Когда бабушка С. гадала нам с Джуд по ладони, она всегда говорила, что в наших линиях столько зависти, что хватит нам по десять раз жизни перепортить. И я знаю, что тут она права. Когда я рисую нас с Джуд с прозрачной кожей, у нас в животах всегда гремучие змеи. У меня всего несколько. А у сестры последний раз было семнадцать.
Мама наконец-то закрывает мой альбом и отдает мне. И объявляет нам обоим.
– Конкурс – это глупо. Давайте посвятим субботы тому, чтобы смотреть на чужие работы и учиться самим. Согласны, дети?
Говорит это она, даже не открыв альбома Джуд.
Мама берет свою чашку с горячим шоколадом, но не пьет.
– Невероятно, – произносит она, медленно качая головой.
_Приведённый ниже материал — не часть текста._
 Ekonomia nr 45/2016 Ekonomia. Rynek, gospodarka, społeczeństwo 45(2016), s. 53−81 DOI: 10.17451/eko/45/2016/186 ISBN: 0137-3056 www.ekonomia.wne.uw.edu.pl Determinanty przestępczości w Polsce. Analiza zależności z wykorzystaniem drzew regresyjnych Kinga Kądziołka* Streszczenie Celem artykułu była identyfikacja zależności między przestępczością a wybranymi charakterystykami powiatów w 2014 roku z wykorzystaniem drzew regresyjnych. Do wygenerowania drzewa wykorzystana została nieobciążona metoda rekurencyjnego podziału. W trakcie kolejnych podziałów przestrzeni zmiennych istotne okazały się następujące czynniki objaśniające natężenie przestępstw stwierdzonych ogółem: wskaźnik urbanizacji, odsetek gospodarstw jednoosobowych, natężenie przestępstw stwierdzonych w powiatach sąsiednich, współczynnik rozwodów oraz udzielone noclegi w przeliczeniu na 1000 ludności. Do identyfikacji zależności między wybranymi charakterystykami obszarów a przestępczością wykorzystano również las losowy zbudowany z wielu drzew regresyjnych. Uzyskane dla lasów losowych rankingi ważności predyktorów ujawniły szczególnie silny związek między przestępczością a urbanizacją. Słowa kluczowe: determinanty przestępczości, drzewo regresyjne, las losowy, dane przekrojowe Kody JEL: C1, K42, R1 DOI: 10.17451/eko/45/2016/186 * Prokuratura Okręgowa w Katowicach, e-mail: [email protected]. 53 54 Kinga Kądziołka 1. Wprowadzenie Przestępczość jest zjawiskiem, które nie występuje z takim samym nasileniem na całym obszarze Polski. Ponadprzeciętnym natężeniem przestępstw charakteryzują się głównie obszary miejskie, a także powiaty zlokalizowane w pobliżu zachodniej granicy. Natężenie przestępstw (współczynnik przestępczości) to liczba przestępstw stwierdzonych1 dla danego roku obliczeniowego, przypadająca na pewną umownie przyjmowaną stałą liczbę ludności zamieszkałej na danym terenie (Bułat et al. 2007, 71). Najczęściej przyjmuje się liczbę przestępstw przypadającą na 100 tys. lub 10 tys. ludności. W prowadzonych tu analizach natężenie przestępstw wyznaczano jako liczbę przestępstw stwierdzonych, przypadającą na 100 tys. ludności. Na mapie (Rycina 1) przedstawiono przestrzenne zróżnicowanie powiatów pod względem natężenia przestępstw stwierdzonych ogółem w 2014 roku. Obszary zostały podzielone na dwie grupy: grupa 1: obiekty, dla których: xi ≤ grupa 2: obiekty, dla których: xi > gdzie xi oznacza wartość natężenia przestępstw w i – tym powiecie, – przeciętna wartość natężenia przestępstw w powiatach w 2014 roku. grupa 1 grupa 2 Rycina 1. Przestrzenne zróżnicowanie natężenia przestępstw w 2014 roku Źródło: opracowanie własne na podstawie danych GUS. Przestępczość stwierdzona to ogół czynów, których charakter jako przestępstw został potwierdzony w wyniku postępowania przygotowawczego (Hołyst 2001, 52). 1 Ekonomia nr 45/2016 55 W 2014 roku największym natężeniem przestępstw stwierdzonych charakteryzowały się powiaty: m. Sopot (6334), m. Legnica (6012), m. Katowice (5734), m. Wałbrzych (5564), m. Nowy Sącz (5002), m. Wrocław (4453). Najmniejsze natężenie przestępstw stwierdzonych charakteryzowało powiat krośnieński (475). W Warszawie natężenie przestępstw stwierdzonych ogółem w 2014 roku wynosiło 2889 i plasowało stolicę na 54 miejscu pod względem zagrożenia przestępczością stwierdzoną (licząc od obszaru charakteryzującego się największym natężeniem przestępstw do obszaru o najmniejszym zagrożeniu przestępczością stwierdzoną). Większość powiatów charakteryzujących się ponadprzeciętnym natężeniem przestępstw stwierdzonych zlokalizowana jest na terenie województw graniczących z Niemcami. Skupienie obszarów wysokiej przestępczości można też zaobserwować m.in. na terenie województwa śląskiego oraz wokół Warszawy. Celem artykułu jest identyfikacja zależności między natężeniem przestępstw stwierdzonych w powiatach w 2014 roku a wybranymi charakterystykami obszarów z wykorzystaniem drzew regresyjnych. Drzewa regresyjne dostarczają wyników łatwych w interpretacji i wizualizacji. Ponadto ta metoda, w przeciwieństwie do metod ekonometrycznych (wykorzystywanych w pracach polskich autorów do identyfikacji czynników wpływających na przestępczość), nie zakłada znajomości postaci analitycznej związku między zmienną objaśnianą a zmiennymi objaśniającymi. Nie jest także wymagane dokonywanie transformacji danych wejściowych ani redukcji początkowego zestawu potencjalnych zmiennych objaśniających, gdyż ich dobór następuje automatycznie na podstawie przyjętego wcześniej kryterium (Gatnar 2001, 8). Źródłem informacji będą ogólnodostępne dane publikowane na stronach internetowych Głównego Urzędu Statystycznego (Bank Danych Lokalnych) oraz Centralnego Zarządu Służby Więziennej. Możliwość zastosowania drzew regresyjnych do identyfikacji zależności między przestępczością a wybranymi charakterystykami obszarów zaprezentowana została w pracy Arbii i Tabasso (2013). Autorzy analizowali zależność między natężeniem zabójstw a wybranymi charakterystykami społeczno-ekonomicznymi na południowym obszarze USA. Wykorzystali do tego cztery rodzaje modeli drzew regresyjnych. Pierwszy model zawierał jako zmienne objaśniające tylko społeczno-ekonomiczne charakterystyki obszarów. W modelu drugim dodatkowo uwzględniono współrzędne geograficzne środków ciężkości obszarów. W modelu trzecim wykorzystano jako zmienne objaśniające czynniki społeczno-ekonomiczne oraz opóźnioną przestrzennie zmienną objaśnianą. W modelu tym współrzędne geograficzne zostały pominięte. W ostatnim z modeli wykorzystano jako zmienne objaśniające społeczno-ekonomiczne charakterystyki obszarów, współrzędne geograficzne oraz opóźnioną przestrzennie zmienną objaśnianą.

Она о рисунках Джут вообще забыла? – Чувствительность Шагала с палитрой Гогена, но в то же время точка зрения строго твоя собственная. А ты еще так молод. Ноа, это потрясающе. Просто потрясающе.
(АВТОПОРТРЕТ: Мальчик ныряет в озеро света.)
– Правда? – шепчу я.
– Правда, – на полном серьезе отвечает она. – Я поражена.
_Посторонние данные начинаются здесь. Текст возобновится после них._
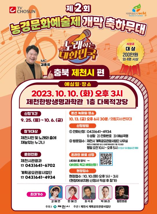 [충청뉴스큐] 제천시가 오는 10월13일 ~ 15일에 열리는 ‘제2회 의림지 농경문화 예술제’의 개막 축하 행사로 시민들의 숨겨진 재능을 뽐낼 수 있는 TV조선 노래자랑 프로그램 ‘노래하는 대한민국’을 마련하고 예심 참가자를 모집한다.

У мамы что-то поменялось в лице – словно по центру немного разошлась занавеска. Я украдкой бросаю взгляд на Джуд. И вижу, что она зажалась в уголке у себя внутри, я тоже так делаю в экстренных случаях. У меня внутри есть такое место, куда можно заползти, и никто не достанет, как бы там ни было. Но я не знал, что и у нее такое есть.
Мама этого не замечает. Хотя обычно она видит все. Но сию минуту она не обращает внимания ни на что, словно ей прямо сейчас снится сон.
В какой-то момент она наконец приходит в себя, но уже слишком поздно.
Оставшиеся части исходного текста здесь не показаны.